◆ THE PROBLEM
The copy should hold exactly the lines below from the one that contains "أَبُو الْفرج بن" through the one that contains "Generalmente, los aretes" and nothing else, so no pictures.

◆ DATA SUPPLIED
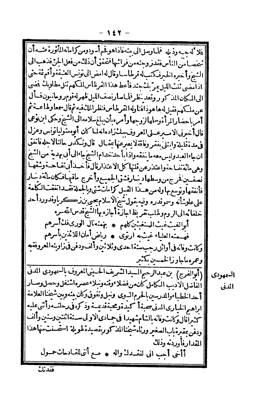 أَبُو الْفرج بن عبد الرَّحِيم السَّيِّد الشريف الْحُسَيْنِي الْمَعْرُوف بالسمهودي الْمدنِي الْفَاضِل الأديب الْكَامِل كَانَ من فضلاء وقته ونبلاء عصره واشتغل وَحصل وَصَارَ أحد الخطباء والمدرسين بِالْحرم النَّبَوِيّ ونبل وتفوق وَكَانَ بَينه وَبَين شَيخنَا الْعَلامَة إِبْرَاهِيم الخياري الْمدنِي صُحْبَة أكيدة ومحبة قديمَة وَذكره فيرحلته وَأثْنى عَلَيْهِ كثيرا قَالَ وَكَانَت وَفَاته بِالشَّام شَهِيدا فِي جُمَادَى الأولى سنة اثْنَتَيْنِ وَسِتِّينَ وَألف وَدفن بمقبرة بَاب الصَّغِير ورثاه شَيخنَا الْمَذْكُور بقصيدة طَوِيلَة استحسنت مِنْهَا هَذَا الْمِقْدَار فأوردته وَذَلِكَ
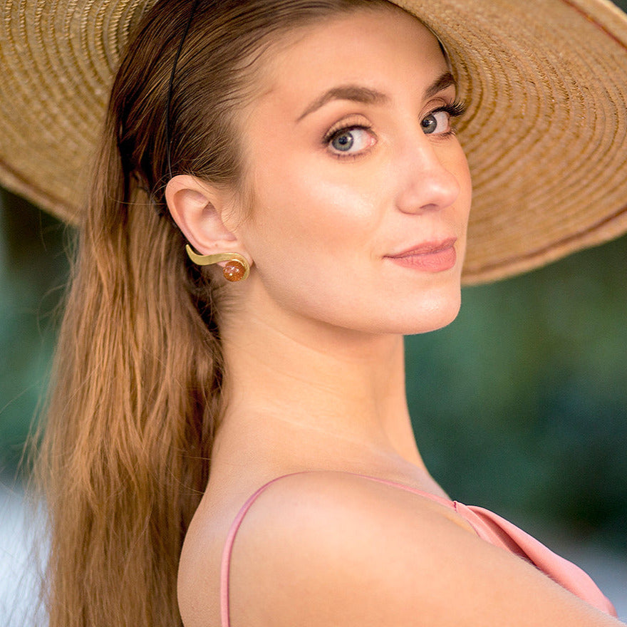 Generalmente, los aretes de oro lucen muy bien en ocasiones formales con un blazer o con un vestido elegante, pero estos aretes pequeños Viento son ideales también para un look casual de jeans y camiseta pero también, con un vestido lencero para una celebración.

---

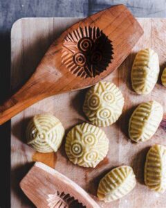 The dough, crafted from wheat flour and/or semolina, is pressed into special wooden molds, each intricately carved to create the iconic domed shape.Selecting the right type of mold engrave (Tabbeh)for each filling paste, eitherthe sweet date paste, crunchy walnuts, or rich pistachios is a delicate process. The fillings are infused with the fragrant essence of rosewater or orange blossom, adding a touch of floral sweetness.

◆ RESPONSE AREA
 أَبُو الْفرج بن عبد الرَّحِيم السَّيِّد الشريف الْحُسَيْنِي الْمَعْرُوف بالسمهودي الْمدنِي الْفَاضِل الأديب الْكَامِل كَانَ من فضلاء وقته ونبلاء عصره واشتغل وَحصل وَصَارَ أحد الخطباء والمدرسين بِالْحرم النَّبَوِيّ ونبل وتفوق وَكَانَ بَينه وَبَين شَيخنَا الْعَلامَة إِبْرَاهِيم الخياري الْمدنِي صُحْبَة أكيدة ومحبة قديمَة وَذكره فيرحلته وَأثْنى عَلَيْهِ كثيرا قَالَ وَكَانَت وَفَاته بِالشَّام شَهِيدا فِي جُمَادَى الأولى سنة اثْنَتَيْنِ وَسِتِّينَ وَألف وَدفن بمقبرة بَاب الصَّغِير ورثاه شَيخنَا الْمَذْكُور بقصيدة طَوِيلَة استحسنت مِنْهَا هَذَا الْمِقْدَار فأوردته وَذَلِكَ
 Generalmente, los aretes de oro lucen muy bien en ocasiones formales con un blazer o con un vestido elegante, pero estos aretes pequeños Viento son ideales también para un look casual de jeans y camiseta pero también, con un vestido lencero para una celebración.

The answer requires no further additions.